Records from a data source
------
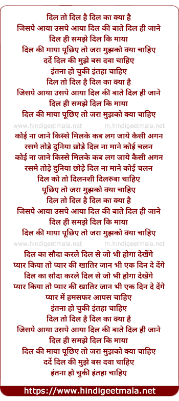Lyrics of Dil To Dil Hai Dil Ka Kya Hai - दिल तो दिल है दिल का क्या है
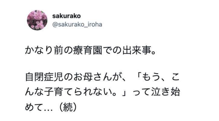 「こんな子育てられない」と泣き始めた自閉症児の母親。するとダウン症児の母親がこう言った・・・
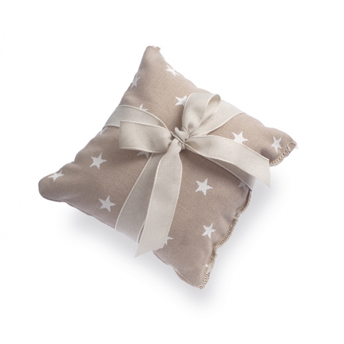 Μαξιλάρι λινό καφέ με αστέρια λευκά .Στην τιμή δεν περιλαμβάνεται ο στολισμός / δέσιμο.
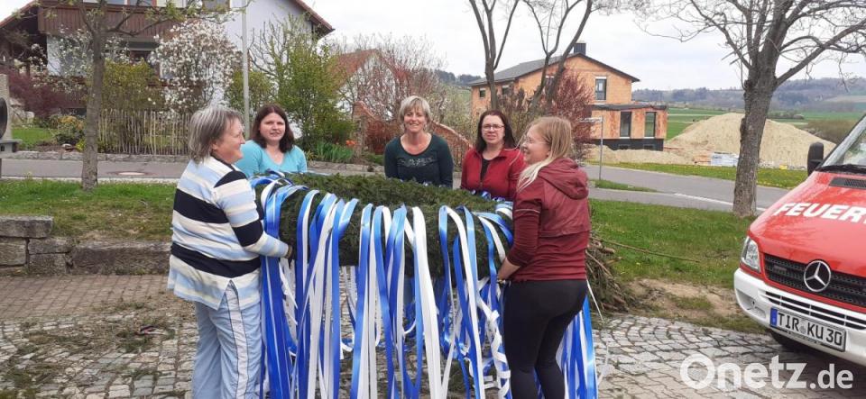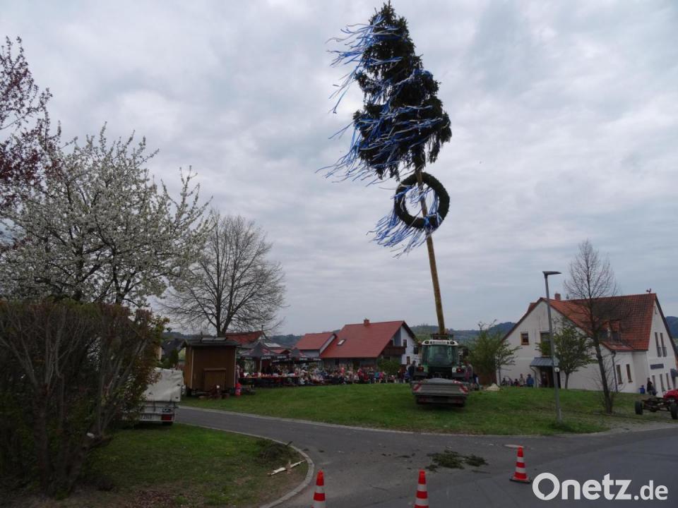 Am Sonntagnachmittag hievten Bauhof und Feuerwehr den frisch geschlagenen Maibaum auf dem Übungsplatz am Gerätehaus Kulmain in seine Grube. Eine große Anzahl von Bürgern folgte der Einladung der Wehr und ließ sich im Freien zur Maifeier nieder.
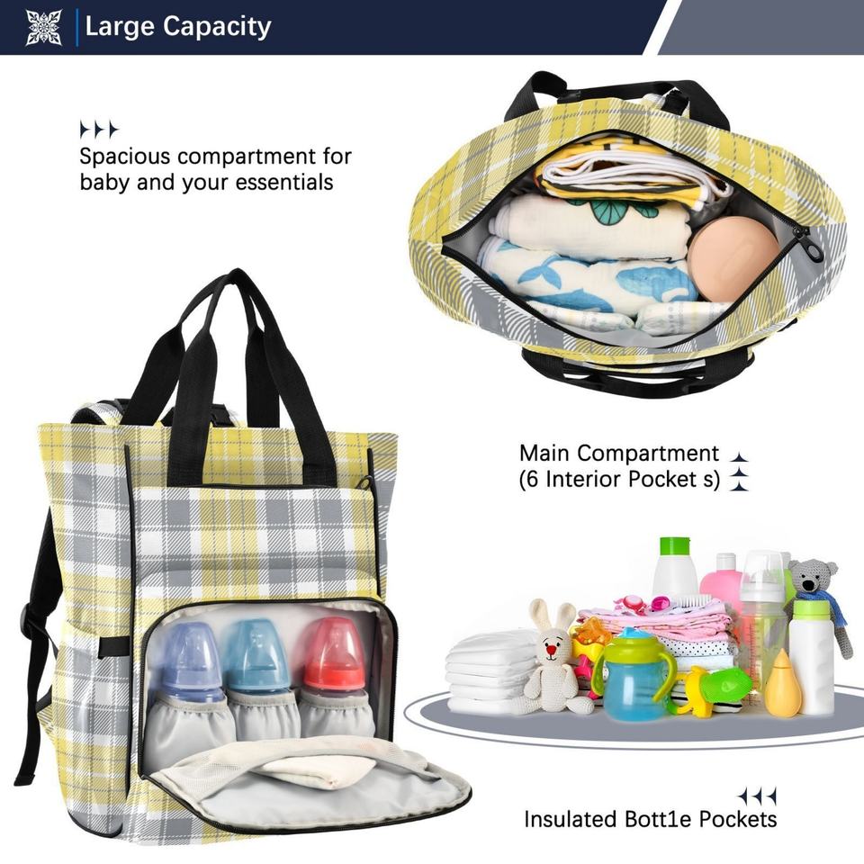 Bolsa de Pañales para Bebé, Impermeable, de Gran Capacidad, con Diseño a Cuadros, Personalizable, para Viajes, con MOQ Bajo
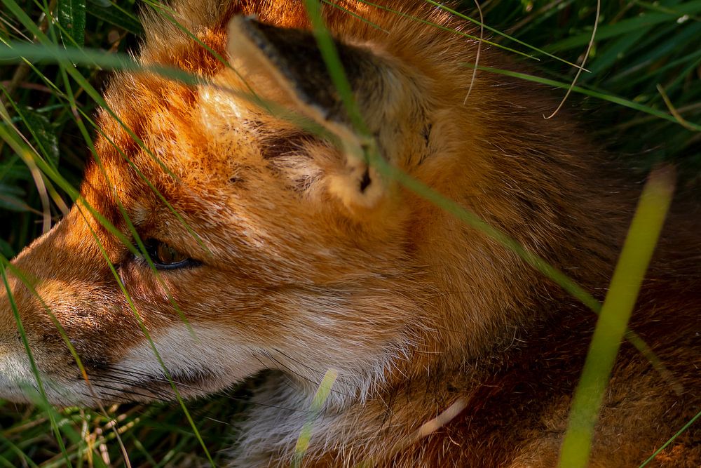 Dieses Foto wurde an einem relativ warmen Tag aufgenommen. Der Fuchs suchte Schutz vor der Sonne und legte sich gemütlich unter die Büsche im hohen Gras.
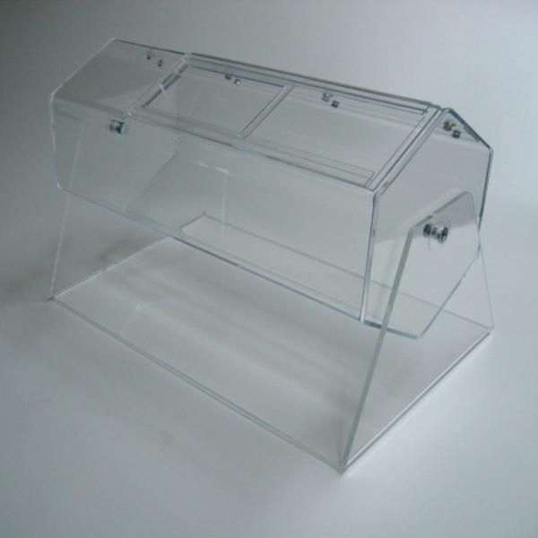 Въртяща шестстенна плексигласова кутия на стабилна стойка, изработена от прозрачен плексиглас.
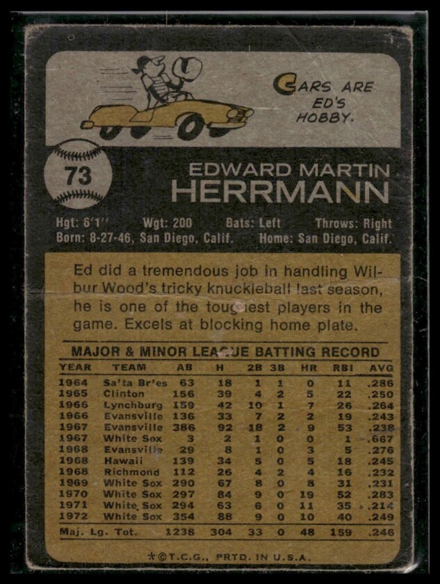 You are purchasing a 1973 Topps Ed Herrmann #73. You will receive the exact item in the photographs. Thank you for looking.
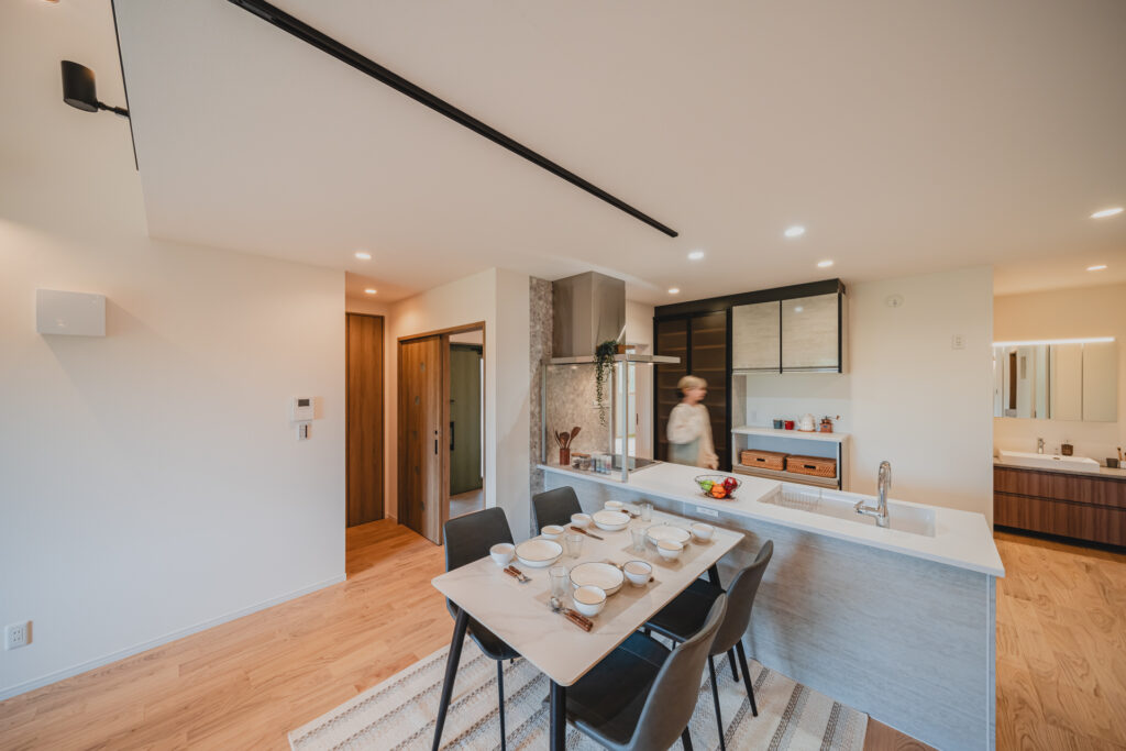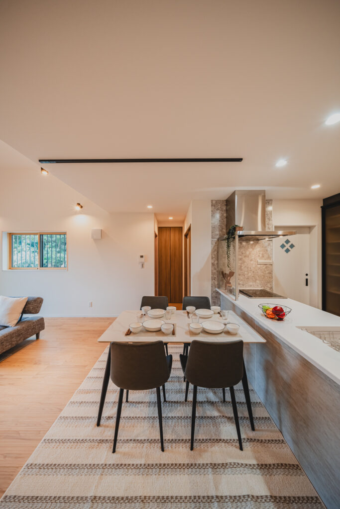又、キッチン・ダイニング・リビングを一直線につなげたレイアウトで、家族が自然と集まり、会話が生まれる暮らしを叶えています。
------
- _Exercise goal_: Among the entries above, find the line with "Am Sonntagnachmittag hievten" and repeat exactly from there through the line with "You are purchasing", leaving out the pictures.

- _Answer to the problem_:
 Am Sonntagnachmittag hievten Bauhof und Feuerwehr den frisch geschlagenen Maibaum auf dem Übungsplatz am Gerätehaus Kulmain in seine Grube. Eine große Anzahl von Bürgern folgte der Einladung der Wehr und ließ sich im Freien zur Maifeier nieder.
 Bolsa de Pañales para Bebé, Impermeable, de Gran Capacidad, con Diseño a Cuadros, Personalizable, para Viajes, con MOQ Bajo
 Dieses Foto wurde an einem relativ warmen Tag aufgenommen. Der Fuchs suchte Schutz vor der Sonne und legte sich gemütlich unter die Büsche im hohen Gras.
 Въртяща шестстенна плексигласова кутия на стабилна стойка, изработена от прозрачен плексиглас.
 You are purchasing a 1973 Topps Ed Herrmann #73. You will receive the exact item in the photographs. Thank you for looking.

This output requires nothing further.